En efecto, debe señalarse, de un lado, que nada novedoso, en relación con lo ya documentado en la causa, cabe extraer de la declaración testifical de Jose Daniel . Y en lo que se refiere a la declaración testifical de Jenaro , este no solo niega que dijese a Jose Daniel que transmitiese al aquí imputado que era necesario nombrar miembros del CGC para que pasaran a formar parte del CGA de la APHGC -lo que, sea cierto o no, resulta irrelevante-, sino que expresamente afirma que es cierto que existían dudas jurídicas en relación con la redacción del Reglamento de la APHGC que disponía la designación por el CGC de miembros del CGA de aquella.
Por otra parte, del resultado de la investigación desplegada y de la existencia, por las razones ya expuestas, de dudas reales, razonables y fundadas sobre la obligatoriedad jurídica de la redacción del artículo 7º del Reglamento, que las apelantes pretenden hacer valer, se desprende la absoluta irrelevancia de las diligencias cuya práctica se interesa y que hemos dejado indicadas.
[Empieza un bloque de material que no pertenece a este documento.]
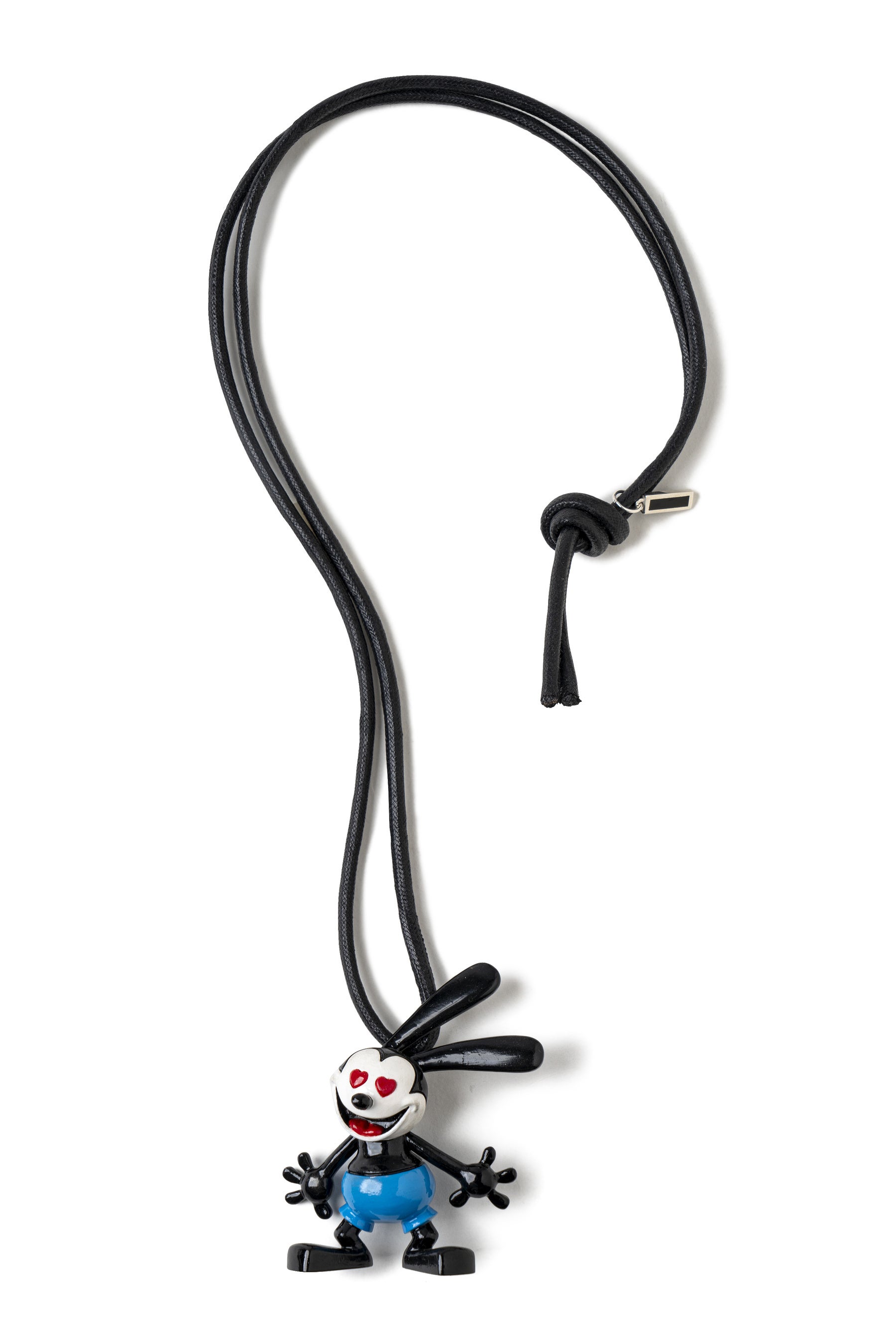 ネックレスはオズワルドの全身を3Dで表現。その表情のディテールまで細部に渡るこだわりを尽くした精巧なデザイン。留め具部分にJAM25周年を祝したオリジナル「黒バー」チャームが付いています。耳の後ろには「Disney100」の刻印が。ピアスも同じくフェイス部分を表現した立体的なデザインとなっています。

Y ello porque es indiferente conocer los criterios que los testigos propuestos y los diferentes organismos e instituciones que se cruzaron comunicaciones pudieran tener en relación con la cuestión que nos ocupa, sino que lo verdaderamente relevante es si era o no razonablemente sostenible el criterio que conducía a dudar de la corrección y obligatoriedad jurídicas de la redacción del Reglamento de la APHGC que fue adoptada en la sesión de su CGA del día 25 de marzo de 2.009, lo que merece una respuesta positiva por todas las razones que ya han sido expuestas en la presente resolución, sin que los resultados de las diligencias cuya práctica interesa la parte apelante puedan, en ningún caso, desvirtuar tal conclusión.
SEXTO. Por todo lo expuesto en los precedentes ordinales, procede desestimar los recursos de apelación interpuestos por la AUGC y por la UOGC y confirmar los Autos de 3 de diciembre de 2.014 y 27 de febrero de 2.015 , por los que, respectivamente, se acuerda y mantiene el sobreseimiento provisional y archivo de las actuaciones.
SÉPTIMO. Procede declarar de oficio las costas de esta alzada, de conformidad con lo dispuesto en los artículos 239 y 240.1º de la Ley de Enjuiciamiento Criminal .
En atención a todo lo expuesto este Tribunal HA DECIDIDO: PARTE DISPOSITIVA Desestimar los recursos de apelación interpuestos, respectivamente, por el Procurador D. Domingo Collado Molinero, en nombre y representación de la 'ASOCIACIÓN UNIFICADA DE GUARDIAS CIVILES', y por el Procurador D. Jorge Andrés Pajares Moral, en nombre y representación de la 'UNIÓN DE OFICIALES DE LA GUARDIA CIVIL', y CONFIRMAR los Autos de 3 de diciembre de 2.014 y 27 de febrero de 2.015, dictados por el Juzgado de Instrucción nº 39 de Madrid en sus diligencias previas nº 166/12, por los que, respectivamente, se acuerda y mantiene el sobreseimiento provisional y archivo de las referidas diligencias.
Se declaran de oficio las costas de esta alzada.
Así, por este nuestro Auto, lo acordamos, mandamos y firmamos.